Turkish police on Tuesday detained the co-mayors of the mainly Kurdish southeast’s biggest city, part of a government crackdown after more than a year of militant violence in the region, security sources said.
Gultan Kisanak, a former parliamentarian before her election as mayor in Diyarbakir, and Firat Anli, her co-mayor, were taken into custody as part of the local prosecutor’s investigation into terrorism links, the sources said.
President Tayyip Erdogan has said the removal of elected officials and civil servants who are accused of links to the Kurdistan Workers Party (PKK), which is listed as a terrorist organization by Turkey, the United States and the European Union, is a key part of the fight against the armed group.
Authorities were also searching the mayor’s office, security sources said.
An aide to Kisanak said the mayor’s home was being searched by police but was unable to provide further details and did not know what the pair were accused of.

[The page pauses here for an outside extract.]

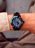 Окошко даты с увеличительным стеклом находится в положении 3 часа. Задняя крышка с сапфировым стеклом. Завинчивающаяся заводная головка. Каучуковый ремешок с классической застежкой.

Turkey appointed new administrators in two dozen Kurdish-run municipalities in September after removing their elected mayors over suspected links to militants. Those arrests triggered protests across the region.
Police formed a security cordon around city hall in the event the latest detentions stirred unrest, witnesses said.
Kisanak, 55, is a well-known Kurdish political figure and became Diyarbakir’s first female mayor in 2014. Earlier on Tuesday, she testified upon the invitation of lawmakers at a parliamentary commission in Ankara looking into a failed military coup on July 15.
It was not immediately clear whether her testimony was related to the detention order. Kisinak was detained upon her return to Diyarbakir at the airport, while Anli was detained at his home, sources said.
Erdogan accuses their opposition party, the Democratic Regions Party, a sister party to the third-biggest grouping in parliament, of links with the PKK, which both parties deny.
The PKK took up arms in against the Turkish state in 1984.
It abandoned a fragile two-year ceasefire in July 2015 after peace talks had ground to a halt, and violence has escalated sharply since. Hundreds of soldiers and police officers, thousands of militants and about 400 civilians have been killed.